Meredith looks pleased with the compliment.

“Are these your friends?” I place the dinosaur back into its teacup and point to a picture tucked in her mirror. It’s gray and shadowy and printed on thick, glossy paper. Clearly the product of a school photography class. Four people stand before a giant hollow cube, and the abundance of stylish black clothing and deliberately mussed hair reveals Meredith belongs to the resident art clique. For some reason, I’m surprised. I know her room is artsy, and she has all of those rings on her fingers and in her nose, but the rest is clean-cut—lilac sweater, pressed jeans, soft voice. Then there’s the soccer thing, but she’s not a tomboy either.

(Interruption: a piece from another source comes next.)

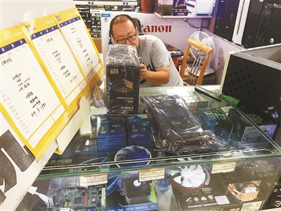 朝外百脑汇一家商户在展示新到货的显卡 图片来源:北京青年报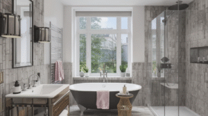 Tiles offer endless creative possibilities. From geometric patterns to bold colours and textured finishes, tiles can define the character of a bathroom. Feature walls, decorative splash backs, or patterned floors add visual interest without compromising functionality.

She breaks into a wide smile, and her nose ring winks. “Yeah. Ellie took that at La Défense. That’s Josh and St. Clair and me and Rashmi. You’ll meet them tomorrow at breakfast. Well, everyone but Ellie. She graduated last year.”

The pit of my stomach begins to unclench. Was that an invitation to sit with her?

“But I’m sure you’ll meet her soon enough, because she’s dating St. Clair. She’s at Parsons Paris now for photography.”

I’ve never heard of it, but I nod as if I’ve considered going there myself someday.

“She’s really talented.” The edge in her voice suggests otherwise, but I don’t push it. “Josh and Rashmi are dating, too,” she adds.

Ah. Meredith must be single.

Unfortunately, I can relate. Back home I’d dated my friend Matt for five months. He was tall-ish and funny-ish and had decent-ish hair. It was one of those “since no one better is around, do you wanna make out?” situations. All we’d ever done was kiss, and it wasn’t even that great.Too much spit. I always had to wipe off my chin.

We broke up when I learned about France, but it wasn’t a big deal. I didn’t cry or send him weepy emails or key his mom’s station wagon. Now he’s going out with Cherrie Milliken, who is in chorus and has shiny shampoo-commercial hair. It doesn’t even bother me.

Not really.

Besides, the breakup freed me to lust after Toph, multiplex coworker babe extraordinaire. Not that I didn’t lust after him when I was with Matt, but still. It did make me feel guilty. And things were starting to happen with Toph—they really were—when summer ended. But Matt’s the only guy I’ve ever gone out with, and he barely counts. I once told him I’d dated this guy named Stuart Thistleback at summer camp. Stuart Thistleback had auburn hair and played the stand-up bass, and we were totally in love, but he lived in Chattanooga and we didn’t have our driver’s licenses yet.